● **HOW TO COMPLETE THIS TASK**
From the data below, copy exactly the lines that lie between the one holding "Celebrate a joyful" and the one holding "DAG를 확인해보면 print_smaller를", including both, and nothing more.

● **EXTRACTED INFORMATION**
◇ ◇ ◇

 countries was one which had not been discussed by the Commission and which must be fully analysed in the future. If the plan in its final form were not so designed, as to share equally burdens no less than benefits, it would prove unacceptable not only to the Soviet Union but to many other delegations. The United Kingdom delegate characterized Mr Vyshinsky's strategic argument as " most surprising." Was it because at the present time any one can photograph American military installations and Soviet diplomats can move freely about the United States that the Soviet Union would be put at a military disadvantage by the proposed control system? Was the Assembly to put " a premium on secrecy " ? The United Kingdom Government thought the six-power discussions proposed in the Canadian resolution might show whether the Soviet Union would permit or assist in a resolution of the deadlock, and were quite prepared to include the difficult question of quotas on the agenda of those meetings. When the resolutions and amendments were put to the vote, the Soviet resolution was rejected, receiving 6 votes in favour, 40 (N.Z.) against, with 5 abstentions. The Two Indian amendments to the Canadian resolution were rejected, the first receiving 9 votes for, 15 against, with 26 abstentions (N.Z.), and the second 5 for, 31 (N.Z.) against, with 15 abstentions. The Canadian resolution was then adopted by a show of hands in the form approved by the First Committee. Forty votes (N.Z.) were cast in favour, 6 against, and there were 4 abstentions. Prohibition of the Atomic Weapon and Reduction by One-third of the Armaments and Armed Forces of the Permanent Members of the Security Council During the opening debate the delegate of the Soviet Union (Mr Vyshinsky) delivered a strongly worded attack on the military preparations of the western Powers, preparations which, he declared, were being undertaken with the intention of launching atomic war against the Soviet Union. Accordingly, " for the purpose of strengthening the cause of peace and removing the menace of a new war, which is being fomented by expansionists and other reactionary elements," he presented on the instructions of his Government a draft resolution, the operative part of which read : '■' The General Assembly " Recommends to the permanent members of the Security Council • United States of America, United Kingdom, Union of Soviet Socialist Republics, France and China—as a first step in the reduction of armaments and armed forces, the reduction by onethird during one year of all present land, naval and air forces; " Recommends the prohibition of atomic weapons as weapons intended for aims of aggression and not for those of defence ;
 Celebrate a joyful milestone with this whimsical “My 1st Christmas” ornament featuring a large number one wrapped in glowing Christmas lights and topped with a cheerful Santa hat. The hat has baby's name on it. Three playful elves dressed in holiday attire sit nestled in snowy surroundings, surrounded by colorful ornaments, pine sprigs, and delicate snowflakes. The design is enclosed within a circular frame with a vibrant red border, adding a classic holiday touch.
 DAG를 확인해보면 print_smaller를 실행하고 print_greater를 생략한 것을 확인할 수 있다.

◇ ◇ ◇

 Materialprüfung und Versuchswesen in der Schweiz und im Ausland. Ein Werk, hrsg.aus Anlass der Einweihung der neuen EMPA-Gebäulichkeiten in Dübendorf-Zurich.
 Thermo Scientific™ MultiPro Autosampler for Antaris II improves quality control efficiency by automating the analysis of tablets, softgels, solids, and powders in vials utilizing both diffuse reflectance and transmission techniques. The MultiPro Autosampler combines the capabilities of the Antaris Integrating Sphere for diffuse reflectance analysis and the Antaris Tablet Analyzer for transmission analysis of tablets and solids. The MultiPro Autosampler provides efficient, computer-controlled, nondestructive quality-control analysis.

◇ ◇ ◇

● **REPLY TO THE EXERCISE**
 Celebrate a joyful milestone with this whimsical “My 1st Christmas” ornament featuring a large number one wrapped in glowing Christmas lights and topped with a cheerful Santa hat. The hat has baby's name on it. Three playful elves dressed in holiday attire sit nestled in snowy surroundings, surrounded by colorful ornaments, pine sprigs, and delicate snowflakes. The design is enclosed within a circular frame with a vibrant red border, adding a classic holiday touch.
 DAG를 확인해보면 print_smaller를 실행하고 print_greater를 생략한 것을 확인할 수 있다.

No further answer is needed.